One of the most persistent misconceptions women face is the belief that women must file a police complaint before accessing abortion services in rape or incest cases.
Shrestha stressed that nowhere in the SMRHR Act is such a requirement mentioned. ‘‘The confusion often stems from institutional guidelines, not the law,’’ he said.
‘‘Guidelines were meant to make access easier so survivors wouldn’t have to move between multiple institutions,” he said. “But in practice, it’s being used to force women to go to the police first.”
He rejected the argument that rape cannot be verified without an FIR.
“In rape cases, police rely on hospital reports for forensic evidence,” he said. “But when it comes to abortion, suddenly hospital reports are considered insufficient. That's a stigma, not a legal requirement.”
Forcing police involvement pushes survivors toward unsafe options, he warned. “If a woman cannot access safe abortion because she is forced to go to the police, she may seek an unsafe abortion,” Shrestha said. “That further criminalises her.’’
Nepal has acknowledged these risks at the international level. During its Universal Periodic Review (UPR) at the United Nations, the government accepted recommendations to ensure full access to reproductive health services and prevent the criminalisation of women seeking abortion. Yet the gap between commitment and practice remains wide.
The consequences of the current system are very clear in Sita’s case as well.
In Ilam district, Sita, a 15-year-old girl, became pregnant after being raped. She could not get safe abortion services without a police case. So, thinking of protecting her family’s image, Sita (identified with a pseudonym) took abortion pills her father got from a local pharmacist. Later, her father asked her not to take it, even though she had bought it.
And as a result, the court cleared the charges of her father and the pharmacist. But she was punished by the law, instead of being treated as a survivor in need of care.
Her case shows how criminal law, complicated procedures, and fear in institutions come together, and women and girls often suffer as a result. WHO has warned that adolescents face the highest risks when abortion access is restricted, as fear and dependency leave them with few safe options.
Nepal worked hard to legalise abortion, mainly to reduce maternal mortality.
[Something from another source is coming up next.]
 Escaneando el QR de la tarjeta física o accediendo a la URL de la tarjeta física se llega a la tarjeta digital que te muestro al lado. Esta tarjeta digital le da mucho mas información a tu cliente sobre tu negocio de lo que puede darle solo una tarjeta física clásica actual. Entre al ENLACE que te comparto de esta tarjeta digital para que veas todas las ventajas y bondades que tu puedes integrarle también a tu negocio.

That effort succeeded.
But cases like those of Kalpana, Sarita, and Sita reveal a hard truth: just making abortion legal is not enough.
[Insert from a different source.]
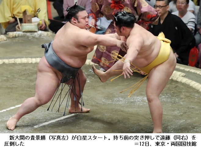 大相撲 夏場所初日 新大関の貴景勝が白星スタート ―― 大相撲の令和最初の本場所となる夏場所が、東京・両国の国技館で初日を迎え、新大関の貴景勝は平幕の遠藤に押し出しで勝って白星スタートです。

As long as abortion is still treated as a criminal offence, women will continue to experience it not as healthcare, but as suspicion through police stations, courtrooms, and even jail.
Advocates say that decriminalisation is not about removing protection. It is about aligning Nepal’s practice with its laws, its public health goals, and its international obligations. It is about ensuring abortion is treated as what it already is under law: a reproductive health right, not a crime.